Processo di formazione:

- Redazione da parte dell’Ufficio tecnico comunale o da parte di professionisti esterni;


- Adozione da parte del Consiglio Comunale;
- Pubblicazione tramite la Segreteria Comunale;
- Osservazioni ed opposizioni da parte dei cittadini;
- Contro-deduzioni da parte del Consiglio Comunale;
- Approvazione prima del Ministero dei LL. PP., poi della Regione e della Provincia.
PIANI ATTUATIVI (PPE)

Costituiscono un approfondimento tecnico delle previsioni del PRG; sono necessari per conferire esecutività alle
previsioni del Piano Regolatore che si limita ad indicare aree ed indici e non in dettaglio:

- Masse e altezze delle costruzioni;


- Spazi riservati ad opere di interesse pubblico;
- Edifici destinati a demolizione, ricostruzione, restauro, etc. etc.;
- Suddivisione degli isolati in lotti fabbricabili secondo le diverse tipologie indicate dal piano;
- Elenchi catastali delle opere da espropriare o vincolare.
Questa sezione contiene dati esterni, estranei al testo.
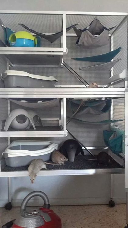 Déjà les rats y sont biens et prennent du plaisir à aller un peu partout dedans. Ensuite elle n'est pas moche et s'integre vachement mieux que la Royale dans mon appart. Niveau ménage c'est génial, je fais les dodos 2 ou 3 fois par semaine, les bacs/étages 1 fois par semaine et le grand bac du fond une fois toutes les 3 -4 semaines. Hier grand lavage complet en 1H, j'ai jamais été aussi rapide. Je peux BIEN la laver, y'a pas de recoins donc pas de trucs sales qui restent coincés, et c'est hyper facile à désinfecter vu que c'est du plexi partout.

PIANO PER L’EDILIZIA ECONOMICA E POPOLARE (PEEP)

È assimilabile ad un piano particolareggiato di iniziativa pubblica che si rivolge alla costituzione di un patrimonio di
edilizia pubblica da locare attraverso fitti controllati; tutte le aree comprese vengono preliminarmente espropriate ed
urbanizzate dal comune, successivamente cedute in uso o in proprietà a soggetti abilitati a realizzare e gestire edilizia
di tipo “economico e popolare”: Iacp, cooperative, etc. etc; il soggetto attuatore di un Peep può anche essere un
soggetto privato assegnatario delle aree a mezzo di convenzione nelle quali tali soggetti si assumono impegni circa il
livello dei fitti o il prezzo di vendita.
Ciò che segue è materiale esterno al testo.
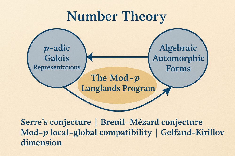 My research lies in number theory, with a focus on p-adic Galois representations and automorphic forms. Broadly speaking, I study how deep symmetries in arithmetic can be described through linear algebra. A central theme of my work is the emerging mod-p Langlands program, which seeks to connect two worlds: algebraic objects called Galois representations and analytic objects called automorphic representations, after reducing them modulo a prime number p. While this correspondence is fully understood only in one case—G_2(Q_p)—many questions remain open in more general settings. My projects aim to shed light on these questions by analyzing candidates for such correspondences, with a focus on phenomena such as the weight part of Serre’s conjecture, the Breuil–Mézard conjecture, mod-p local–global compatibility, and the Gelfand–Kirillov dimension. In this way, my work provides new evidence and tools for advancing the mod-p Langlands program.
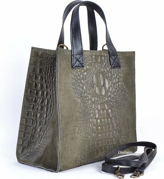 Groothandel β€οΈ Flash-uitverkoop π Merkloos Dames Lederen Handtas /Made In Italië/Kroko Print/ Olijfgroen β€οΈ π

PIANO DI LOTTIZZAZIONE CONVENZIONATO

È assimilabile ad un piano particolareggiato ma se ne discosta per i seguenti aspetti:

- È di iniziativa privata attraverso un accordo tra i proprietari che lo propongono e il comune;


- Le aree per gli spazi pubblici vengono cedute gratuitamente al comune attraverso una convenzione
preliminare;
- Le opere di urbanizzazione primaria e una parte delle opere di urbanizzazione secondaria vengono realizzate
a carico dei privati.

PIANO DI RECUPERO

Si rivolge a realizzare dotazioni di edilizia economica e popolare attraverso azioni di recupero sul patrimonio edilizio
esistente, anche attraverso gli incentivi e le semplificazioni procedurali previste dalla legge 457/78; gli interventi
previsti possono essere di conservazione, risanamento, nuove costruzioni e realizzazione di servizi funzionali ad una
migliore utilizzazione dell’edilizia esistente; gli ambiti interessati possono essere singoli immobili, complessi edilizi,
isolati o aree di maggiore estensione fino a ricomprendere porzioni del centro storico.

PIANO OPERATIVO

È uno strumento facoltativo dell’amministrazione comunale che si riferisce alle porzioni di territorio urbano che il
piano strutturale destina a trasformazioni intensive da effettuarsi entro un quadriennio; i piani operativi definiscono
l’assetto particolareggiato degli ambiti di trasformazione previa valutazione tecnico-finanziaria della fattibilità delle
iniziative e forme di contrattazione con i soggetti interessati.

PEREQUAZIONE URBANISTICA

Pratica urbanistica seguita dalle amministrazioni per distribuire i diritti edificatori tra i proprietari nel modo più
razionale ed equo possibile; può essere attuata secondo due modalità:

- Spostamento dei diritti edificatori dei privati nell’ambito di “comparti” in maniera da conseguire estensioni di
aree da destinare a spazi pubblici più cospicue pur riconoscendo a ciascun proprietario il valore pro-quota
proporzionale alle superfici possedute;
- Spostamento dei diritti edificatori dei privati nell’ambito di contesti più ampi o dell’intero comune da definire
attraverso forme di contrattazione tra l’amministrazione comunale ed i privati.